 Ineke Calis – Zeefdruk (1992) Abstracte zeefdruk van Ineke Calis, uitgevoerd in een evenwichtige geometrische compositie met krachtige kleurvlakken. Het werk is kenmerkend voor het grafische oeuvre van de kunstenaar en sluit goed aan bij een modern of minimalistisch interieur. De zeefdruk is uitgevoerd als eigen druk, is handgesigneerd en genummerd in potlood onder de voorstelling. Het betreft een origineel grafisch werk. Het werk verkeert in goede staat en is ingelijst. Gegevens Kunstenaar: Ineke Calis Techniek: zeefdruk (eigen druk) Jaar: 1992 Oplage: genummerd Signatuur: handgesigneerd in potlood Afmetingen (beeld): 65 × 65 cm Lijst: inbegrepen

::::::::

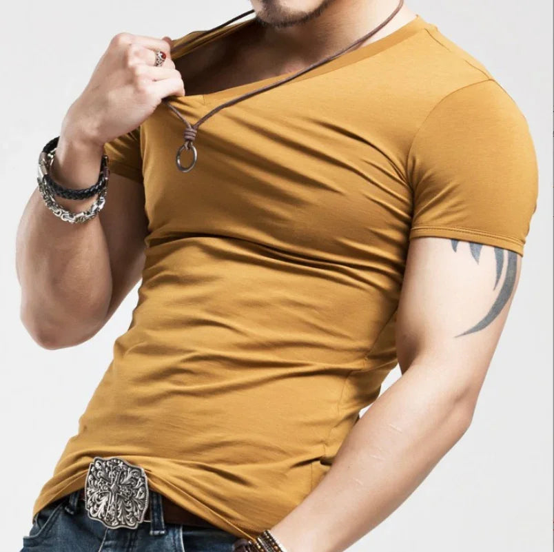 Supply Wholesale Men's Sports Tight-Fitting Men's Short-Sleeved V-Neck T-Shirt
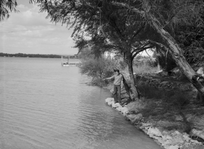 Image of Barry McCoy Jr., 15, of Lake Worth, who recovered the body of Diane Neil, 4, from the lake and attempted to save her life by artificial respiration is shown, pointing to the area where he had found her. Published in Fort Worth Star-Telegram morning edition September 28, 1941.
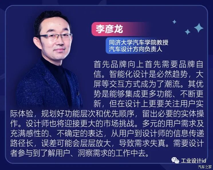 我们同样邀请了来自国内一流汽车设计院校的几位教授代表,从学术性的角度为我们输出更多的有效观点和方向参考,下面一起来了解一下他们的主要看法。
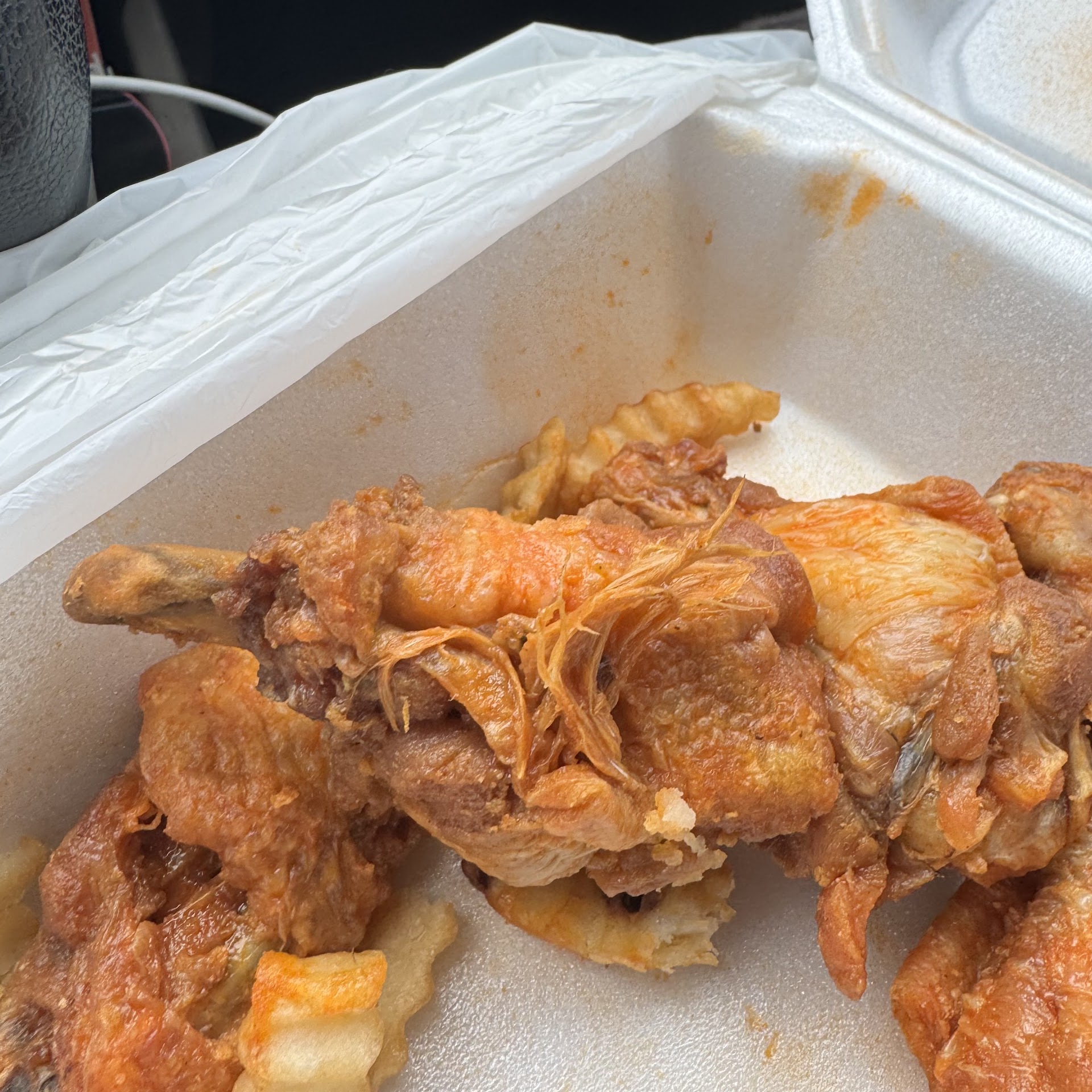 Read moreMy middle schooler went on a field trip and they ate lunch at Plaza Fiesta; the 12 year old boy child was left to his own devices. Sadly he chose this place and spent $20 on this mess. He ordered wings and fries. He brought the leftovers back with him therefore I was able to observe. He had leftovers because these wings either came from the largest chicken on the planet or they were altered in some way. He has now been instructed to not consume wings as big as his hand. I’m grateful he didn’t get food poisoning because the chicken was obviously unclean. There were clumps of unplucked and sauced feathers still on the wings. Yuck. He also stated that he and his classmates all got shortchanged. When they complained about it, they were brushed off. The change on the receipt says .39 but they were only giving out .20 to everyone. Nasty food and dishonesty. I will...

::::::::

■ Try it: In the listing above, find the line containing "Image of Barry" and the line containing "我们同样邀请了来自国内一流汽". Print those two lines and every line between them exactly, with no pictures.

■ Response to this exercise:
 Image of Barry McCoy Jr., 15, of Lake Worth, who recovered the body of Diane Neil, 4, from the lake and attempted to save her life by artificial respiration is shown, pointing to the area where he had found her. Published in Fort Worth Star-Telegram morning edition September 28, 1941.
 我们同样邀请了来自国内一流汽车设计院校的几位教授代表,从学术性的角度为我们输出更多的有效观点和方向参考,下面一起来了解一下他们的主要看法。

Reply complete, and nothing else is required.